Since the obstructive sleep apnea syndrome (OSAS)
has been earmarked as a major public health problem, there have been many efforts in defining and
understanding this syndrome. Some evidence suggests that this disease is not limited to the patient
exhibiting obstructive apnea but includes a continuum from snoring to OSAS that may be part of a
group named sleep-disordered breathing. The upper
airway resistance syndrome (UARS) was reported by
Christian Guilleminault in 1993. This particular syndrome came into being because of the hypothesis that
repetitive increases in respiratory efforts that are
inducing arousals (RERA) might produce a significant disease with associated cardiovascular and cognitive morbidity. The definitions of sleep-disordered
breathing made by the American Academy of Sleep
Medicine (AASM) Task force in 1999 did not include
UARS as a syndrome but did define RERA. Recently
several authors have discussed the existence of this
syndrome and the morbidity that might be related
to RERA. ICSDII published in 2005 is overall in accordance with the AASM task force report published
in 1999. If baseline oxygen saturation is normal,
events including an absence of oxygen desaturation
despite a clear drop in inspiratory flow, increased
respiratory effort and a brief change in sleep state
or arousal, are defined as respiratory effort related
arousals. The UARS is a proposed diagnostic classification for patients with RERA who do not have
events that would meet definitions for apneas and
hypopneas. However, these events are presumed to
have the same pathophysiology as obstructive apneas
and hypopneas (upper airway obstruction) and are
believed to be as much of a risk factor for symptoms
of unrefreshing sleep, daytime somnolence, and
fatigue as frank apnea or hypopnea. Therefore, ICSD
II recommends that they be included as part of OSA
and not be considered as a separate entity.
Definition
The occurrence of repetitive RERA during sleep
defines the UARS. RERA is characterized by a
progressive increase in respiratory effort; this may
be assessed by direct measurement of esophageal
pressure or by another marker of respiratory effort
such as the change in pulse transit time (Figure 1).

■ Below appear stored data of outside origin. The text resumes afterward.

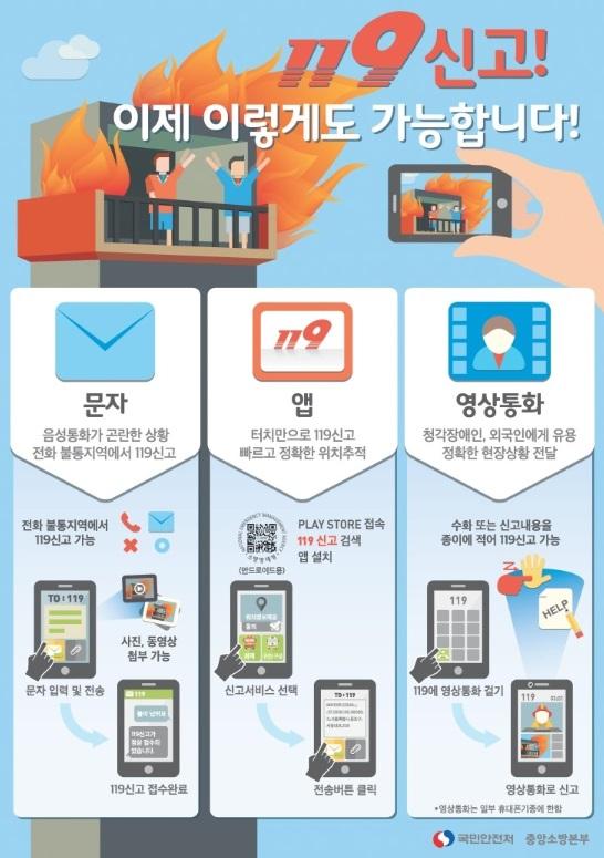 ¸ÕÀú,¿µ»óÅëÈ ½Å°íÀÇ °æ¿ì 119¸¦ ´©¸£°í ¿µ»óÅëȸ¦ ¿¬°áÇϸé 119»óȲ½Ç·Î ¿¬°áµÈ´Ù. ÀÇ»ç¼ÒÅëÀÌ ¾î·Á¿î ¿Ü±¹ÀÎÀ̳ª û°¢Àå¾ÖÀεµ ¼ÕÁþÀ̳ª ¼öÈ, ¸Þ¸ð¸¦ÅëÇØ ½Å°íÇÒ ¼ö ÀÖ´Ù.¶ÇÇÑ,¹®ÀÚ ½Å°í´Â ÅëȰ¡ ¾î·Á¿î »óȲ¿¡ 119 ¹øÈ£·Î ¹®ÀÚ ÀÔ·Â ÈÄ Àü¼ÛÇÏ¸é ½Å°í°¡ Á¢¼öµÇ¸ç, »çÁø°ú µ¿¿µ»ó ÷ºÎµµ °¡´ÉÇÏ´Ù.
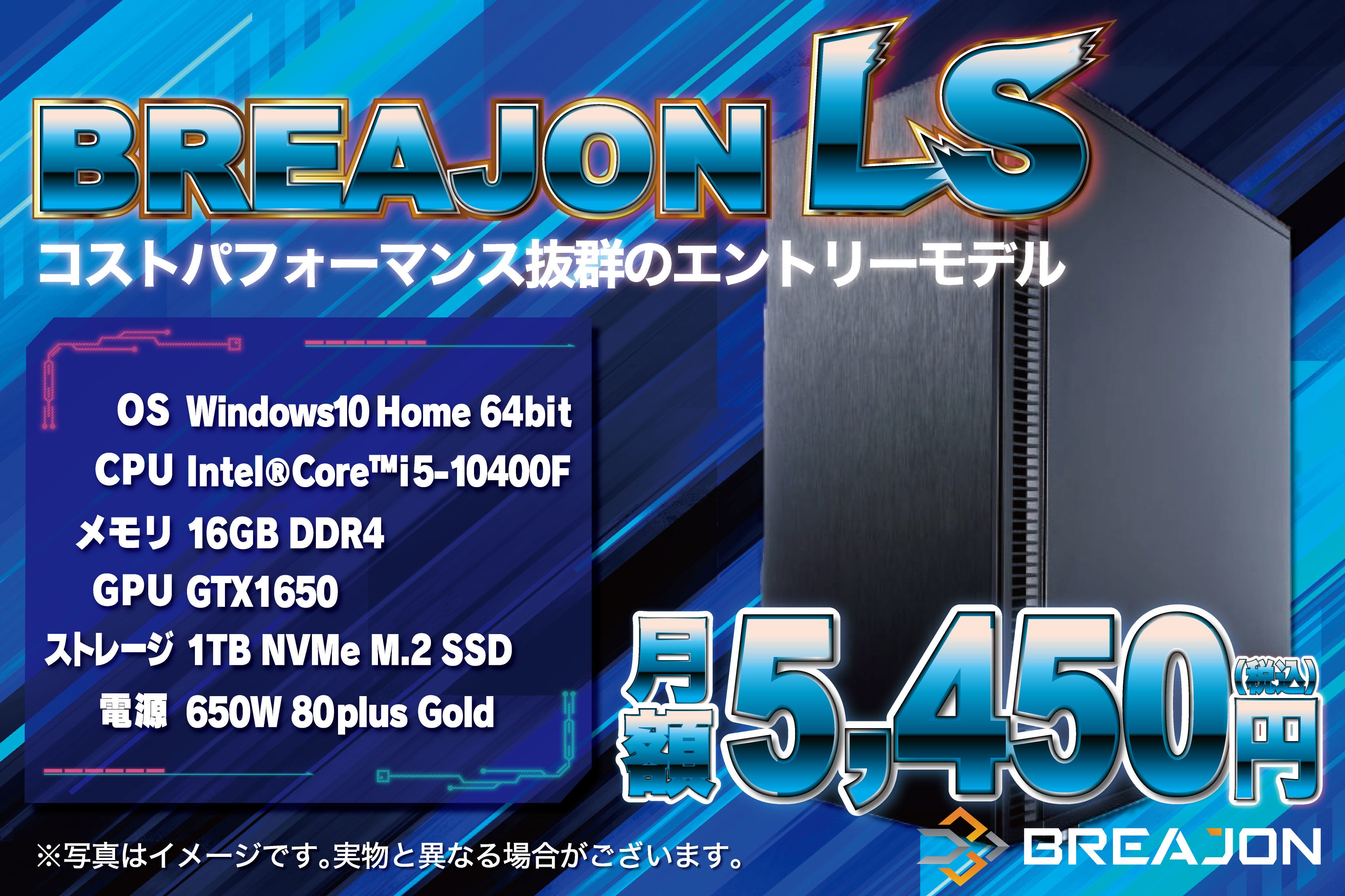 たった5分で自宅から簡単お申込み!完全月額課金制ゲーミングPCサブスクリプションサービス「BREAJON」がなんと驚きの5,450円から!オンライン受付開始!
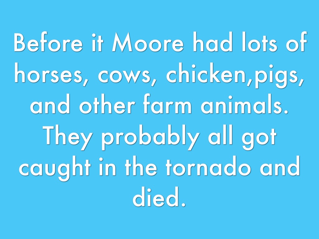 Before it Moore had lots of horses, cows, chicken,pigs, and other farm animals. They probably all got caught in the tornado and died.
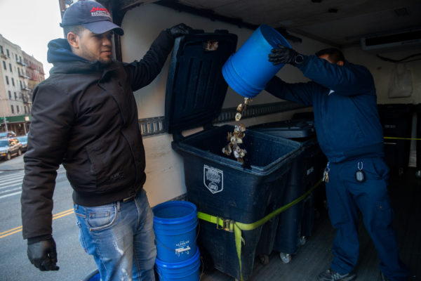 When customers finish their oysters, Lighthouse staff put the discarded shells into special blue bins. Joel Rosado, left, and Boris Delgado, workers with shell collection partner the Lobster Place, pick up and pour the discarded shells into the back of their truck.
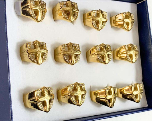 GOLDEN STAINLESS STEEL SHIELD RING WITH STRASS – Set of 12
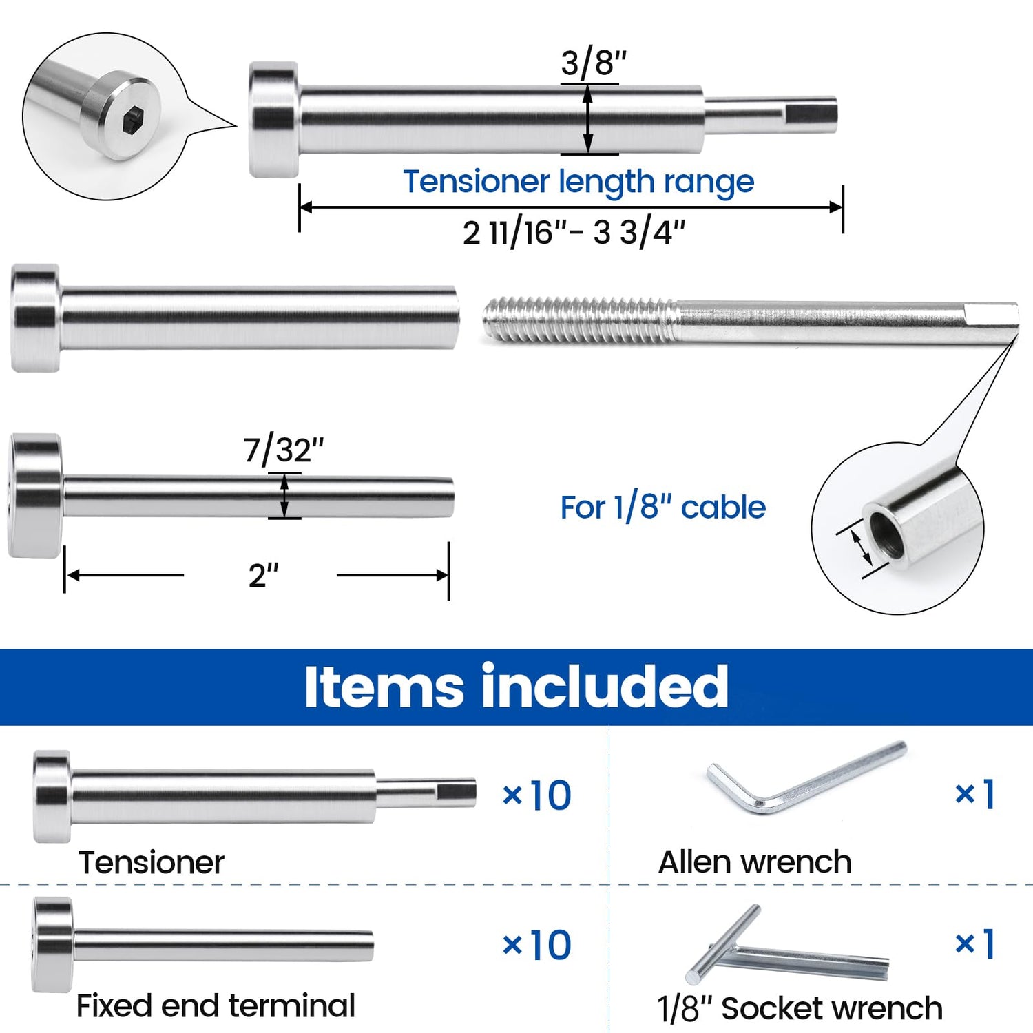 - Patented Invisible Design for 4"x4" Wood Post: With the patented invisible flattened tail design, the ugly swaged end can be hidden in the 4"x4" wood post(but cannot be hidden in 2"x2" posts), and get enough tension to pass 4”sphere test to meet code compliance. The customized socket wrench Muzata CT16 is essential for the invisible installation and keeps the cable from spinning when tightening. Package includes: 10 pairs of tensioners and terminals, 1pc allen wrench, 1pc socket wrench
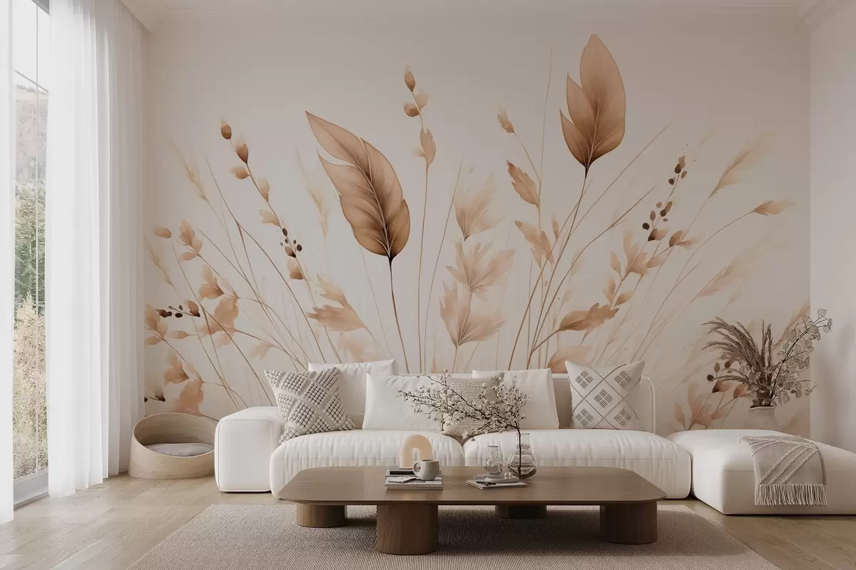 Fototapetak Légies, száraz fűszálak tánca a szélben, nyugodt bézs színekben Nr. w09045
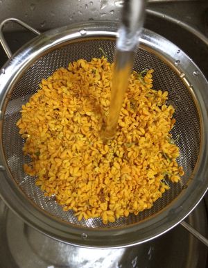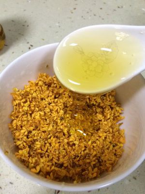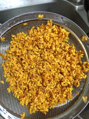 将新鲜桂花(最好选用金桂花,它特别香)放在滤网中,筛一筛,然后在用清水轻轻冲洗一下,以便去掉表面的灰尘。
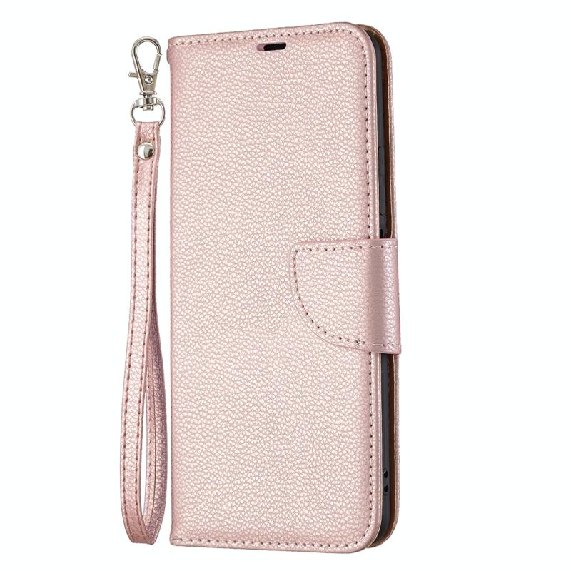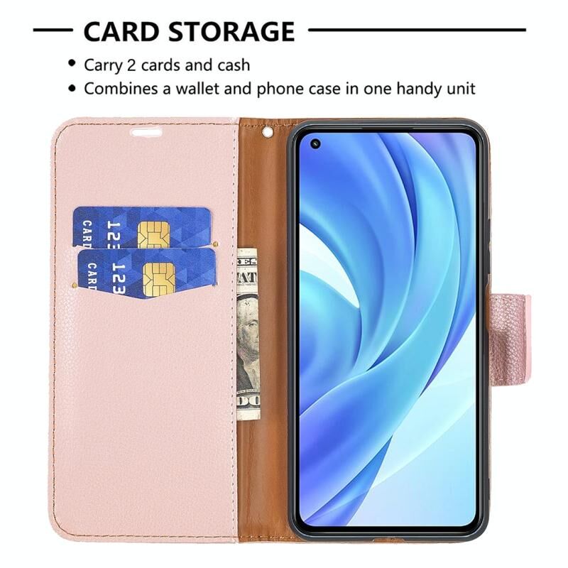 Θήκη δέρματος οριζόντιας αναδίπλωσης με υφή Λίτσι και καθαρό χρώμα για Xiaomi Mi 11 Lite με βάση στήριξης & υποδοχές καρτών & πορτοφόλι & κορδόνι (Γκρι)

RERA may induce both cortical and autonomic
arousal and potentially lead to cardiovascular activation. Respiratory flow, when using nasal cannula
or a pneumotachograph, exhibits only qualitative
change and is named inspiratory flow limitation.
This is of interest since inspiratory flow limitation
results from progressive increase in UA resistance
and is a useful noninvasive method to detect RERA.
The time sequence of these obstructive respiratory
events is close to what occurs with apneas and hypopneas, but the duration may be longer. This should
be distinguished from episodes of sustained stable
flow limitation occurring during slow wave sleep.
This late-flow limited aspect does not lead to repeated arousals and thus differs from RERA.
For qualifying as an individual disease, UARS
should meet the following criteria:
*
*
*
First, to exhibit specific clinical and polysomnographic diagnostic criteria.
Second, these specific criteria should not be found
in the general population.
Third, a direct relationship should be found
between this syndrome and a specific morbidity.